WHAT YOU ARE ASKED TO DO:
Retype exactly the lines below, starting with the line that contains "Take part in" and ending with the last line; leave out any pictures.

INPUT DATA:

BEGIN

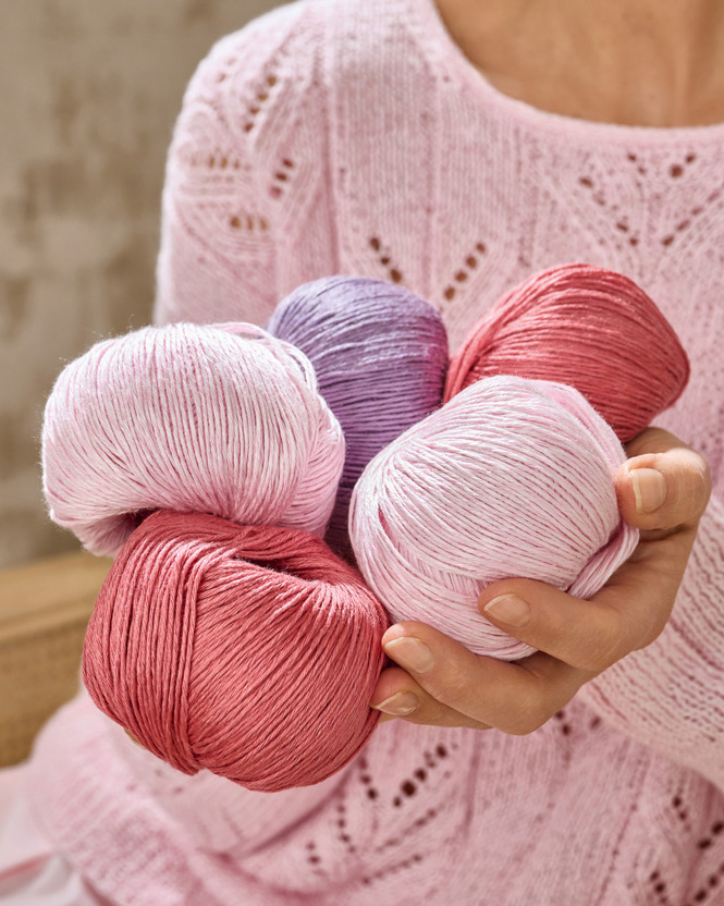 Kühlendes Leinen trifft auf weiches Tencel. Gemeinsam verbinden sie sich zu einem perfekten, wunderschönen Sommergarn mit zwischen matt und seidig changierender Optik.
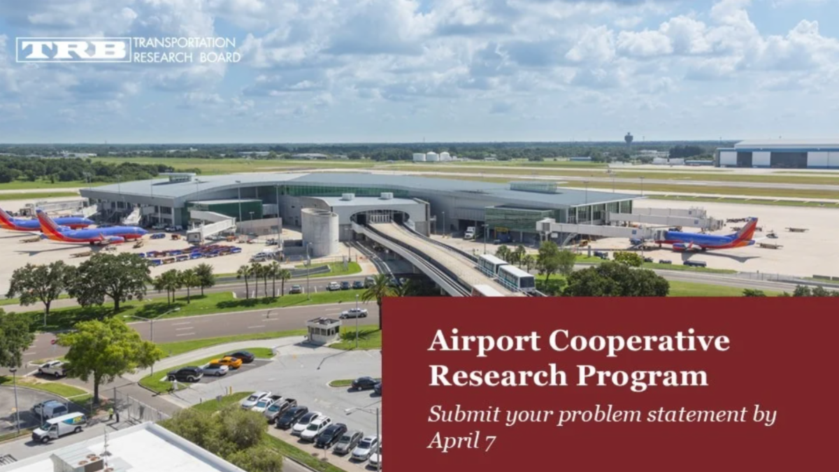 Take part in the only airport industry-based research program in which anyone can help define research needs! Tell us why the research is needed and how it will address a current problem that more than one airport is experiencing with the ideal outcome of the research. Submit your idea by April 7, 2025.
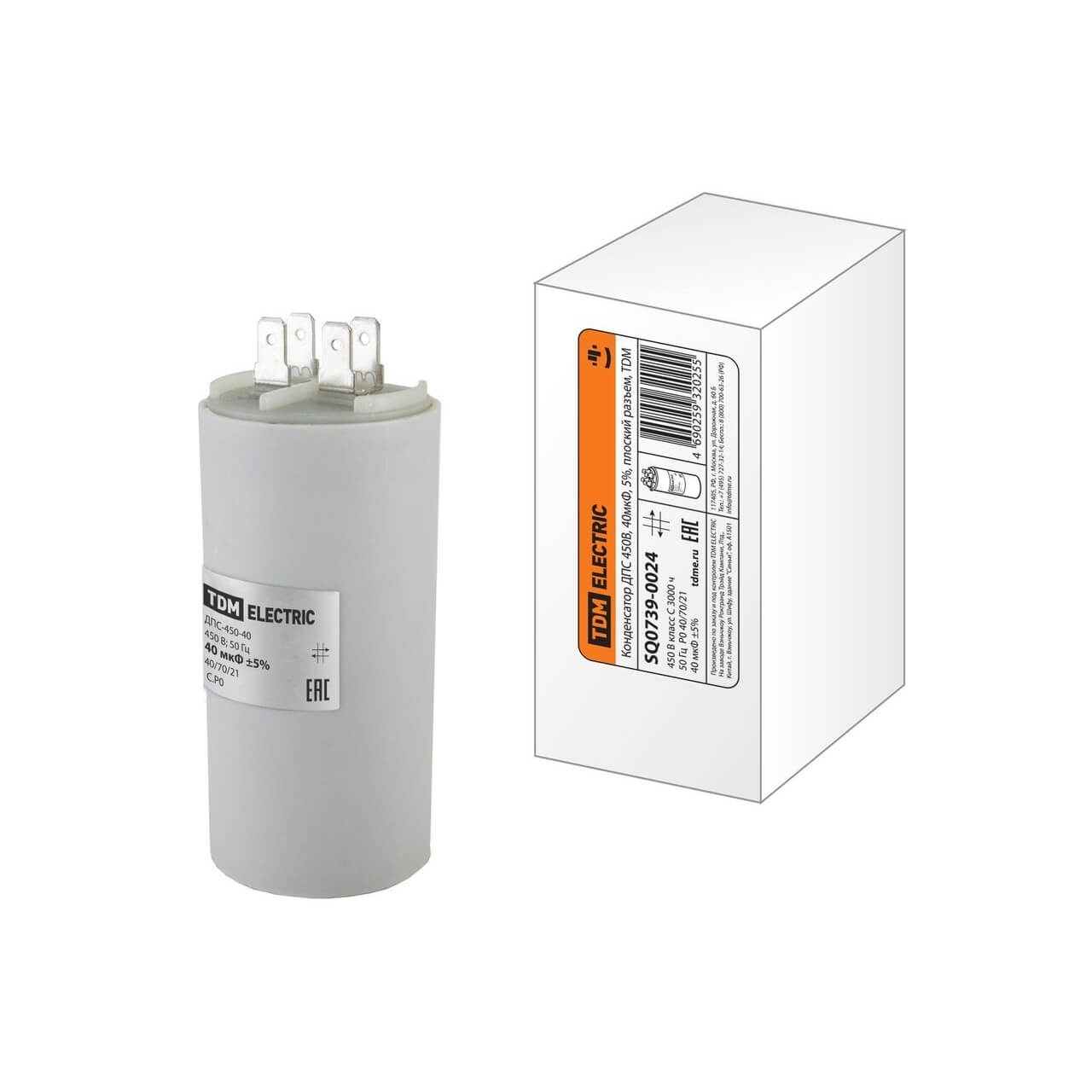 Конденсатор ДПС 450В, 40мкФ, 5%, плоский разъем, TDM

END

ANSWER FOR THIS EXERCISE:
 Take part in the only airport industry-based research program in which anyone can help define research needs! Tell us why the research is needed and how it will address a current problem that more than one airport is experiencing with the ideal outcome of the research. Submit your idea by April 7, 2025.
 Конденсатор ДПС 450В, 40мкФ, 5%, плоский разъем, TDM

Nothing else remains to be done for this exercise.